● **WHAT THIS TASK INVOLVES**
Please retype the data below exactly, stopping after the line with "根據(jù)四川九洲電器集團" and skipping every picture.

——

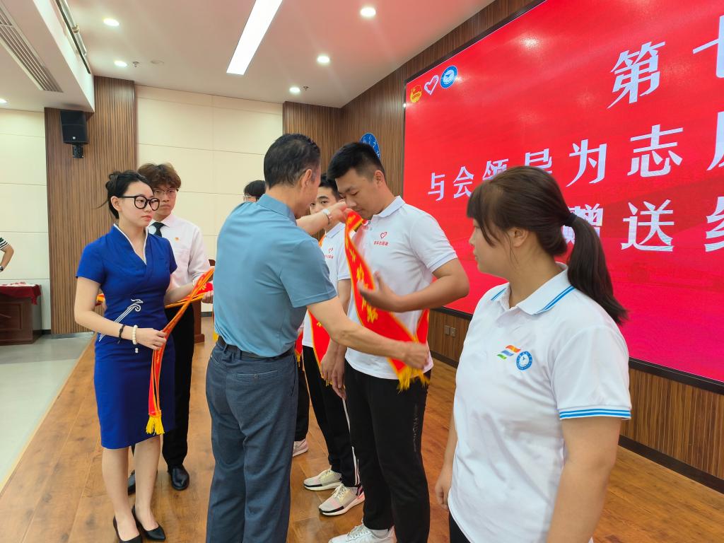 张昭逐一为9名同学佩戴绶带。与会领导一同为志愿者们送上了书籍和纪念品,表达了母校对志愿者们的真诚祝福。
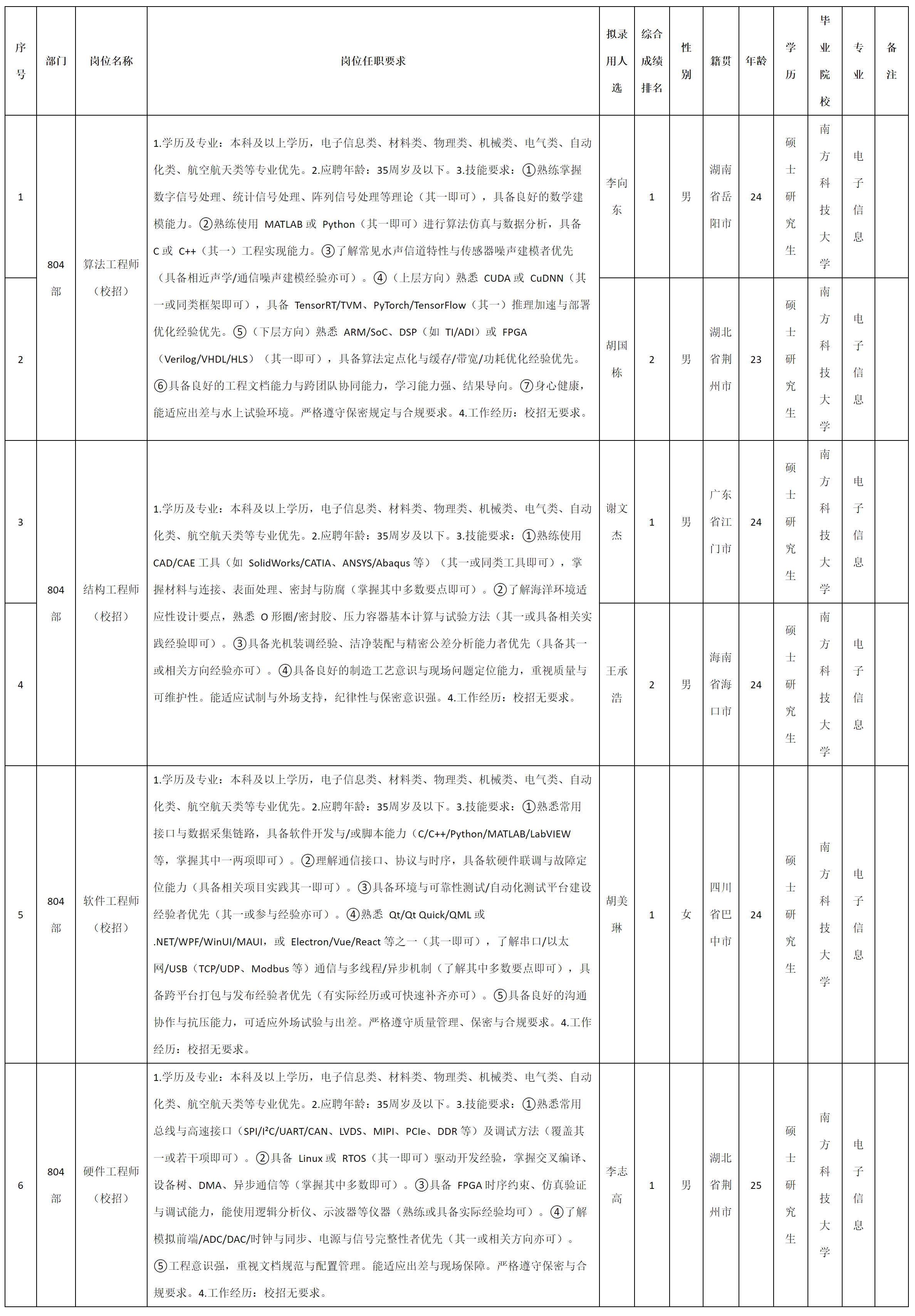根據(jù)四川九洲電器集團(tuán)有限責(zé)任公司發(fā)布的招聘公告及招聘相關(guān)規(guī)定,經(jīng)測試、考察、體檢等程序,擬錄用李向東等6名同志到四川九洲電器集團(tuán)有限責(zé)任公司工作,現(xiàn)予以公示,具體情況如下:
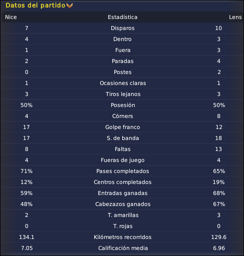 Tras el descanso, parece que la lesión de Tosic nos afectó bastante y el Nice ganó la pelota, llevándola con facilidad a su línea de tres mediapuntas. Aquí surgió alguien a quien nada esperaba, el georgiano Makaridze, que hizo varias paradas meritorios, condenando el partido al 0-0. O al menos eso parecía hasta los últimos minutos, en los que, animados por la ambición, nos vinimos arriba para tratar de quebrar la defensa de los de Niza. Justo en la última jugada del partido nos vinimos todos arriba, dejando espacio para que Adeílson recorriera 60 metros y acabara rematando a gol. Tres puntos perdidos en un minuto, definitivamente este Nice se nos atraganta siempre... Aumenta la presión sobre nosotros, y tendremos que sacar aun más puntos de los últimos cuatro partidos.
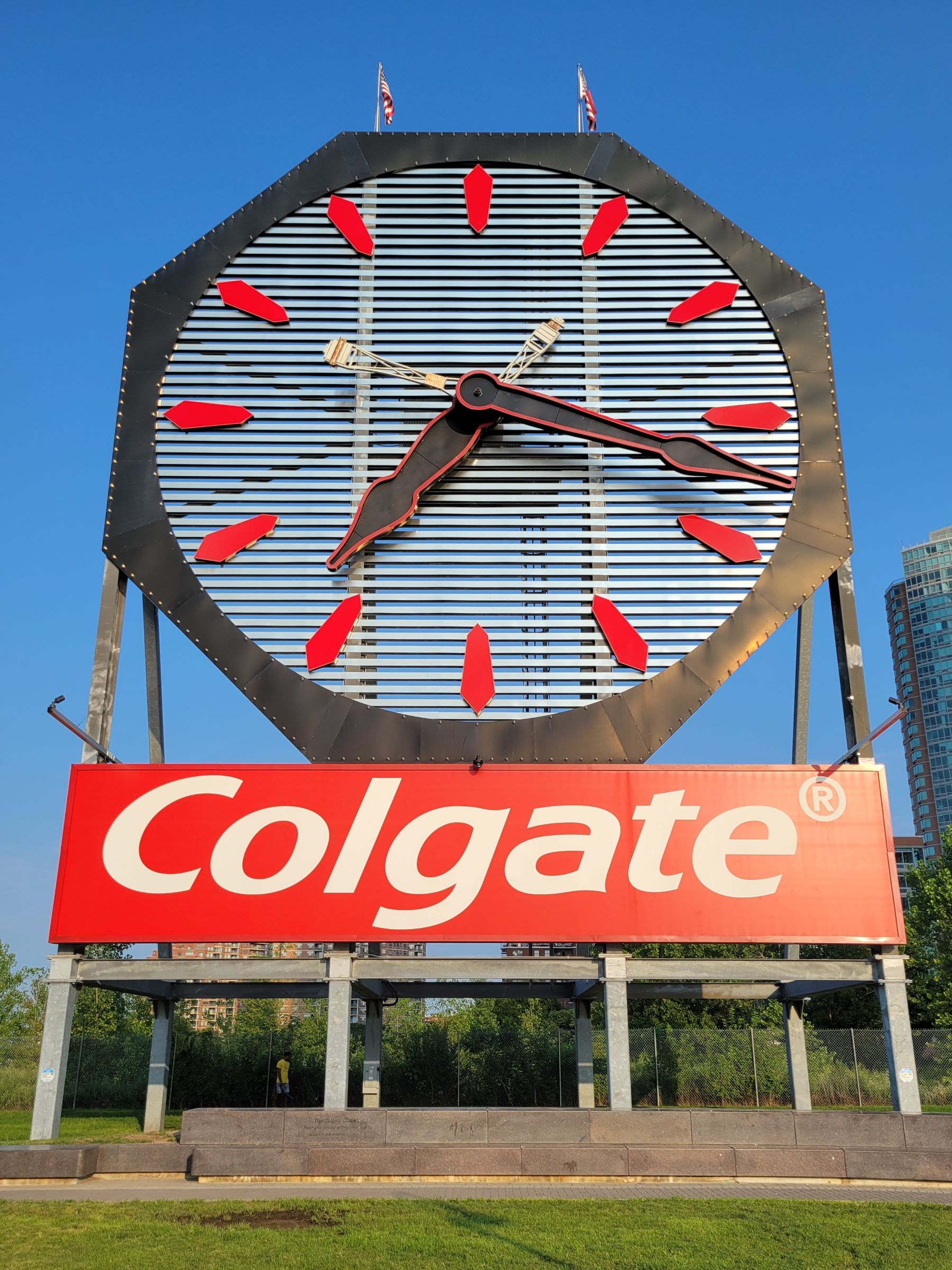 조금 전 지나왔던 골드만삭스 빌딩이 있던 자리에 생활용품 회사인 콜게이트-팜올리브(Colgate-Palmolive)의 공장단지가 있었는데, 그 중 본사 건물 옥상에 1906년에 최초로 커다란 시계가 만들어지고, 1924년에 지금의 시계로 바뀌어서 광고판 역할을 했단다. 그러나 1980년대에 재개발이 되면서 건물은 모두 철거되고 시계는 공터에 그냥 보관이 되다가, 2000년대에 들어서 다시 작동 가능하도록 수리가 되었고 2013년에 LED 조명 등으로 완전히 업그레이드를 해서 현재의 위치에 설치가 되었단다.
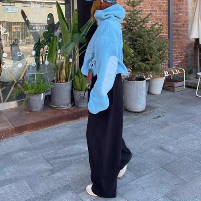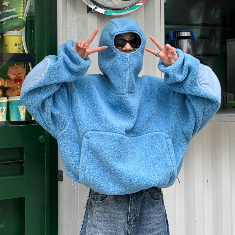鮮やかなブルーが印象的なプルオーバーパーカー。
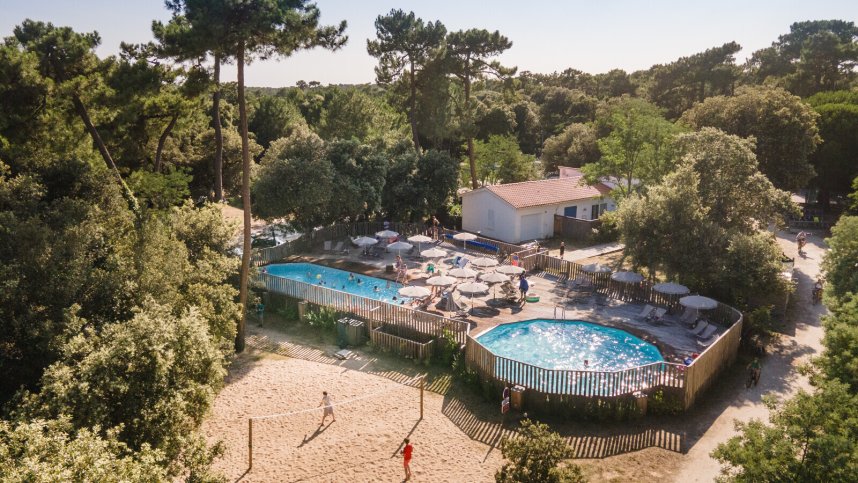 This attractive five hectare site is a member of the Huttopia group. It can be found close to the popular seaside resort of Saint Trojan-les-Bains on the south side of the island. There are 163 pitches (56 for touring), which vary in size, most of which have electrical connections (10A French type). Huttopia Oléron Les Pins is situated in a lightly wooded setting on undulating, sandy terrain, just 1 km. from the nearest sandy beach. A number of specially designed wood and canvas safari-style tents are available for hire; the latest range are equipped with a shower, WC and sink. Large units should telephone ahead to ensure suitable pitch availability.
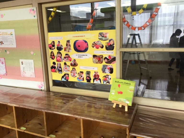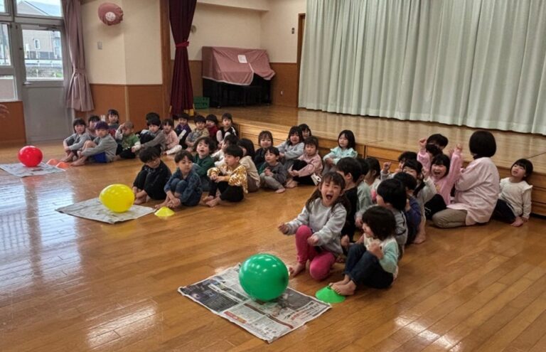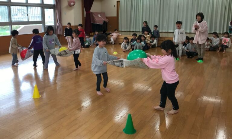 3月25日(水)にお別れ散歩に行く予定でしたが、あいにくの雨だったので、さくら・ひまわり組(4,5歳児)で最後の思い出作りに「風船運びリレー」をして遊びました。

——

● **SOLUTION**
 张昭逐一为9名同学佩戴绶带。与会领导一同为志愿者们送上了书籍和纪念品,表达了母校对志愿者们的真诚祝福。
根據(jù)四川九洲電器集團(tuán)有限責(zé)任公司發(fā)布的招聘公告及招聘相關(guān)規(guī)定,經(jīng)測試、考察、體檢等程序,擬錄用李向東等6名同志到四川九洲電器集團(tuán)有限責(zé)任公司工作,現(xiàn)予以公示,具體情況如下:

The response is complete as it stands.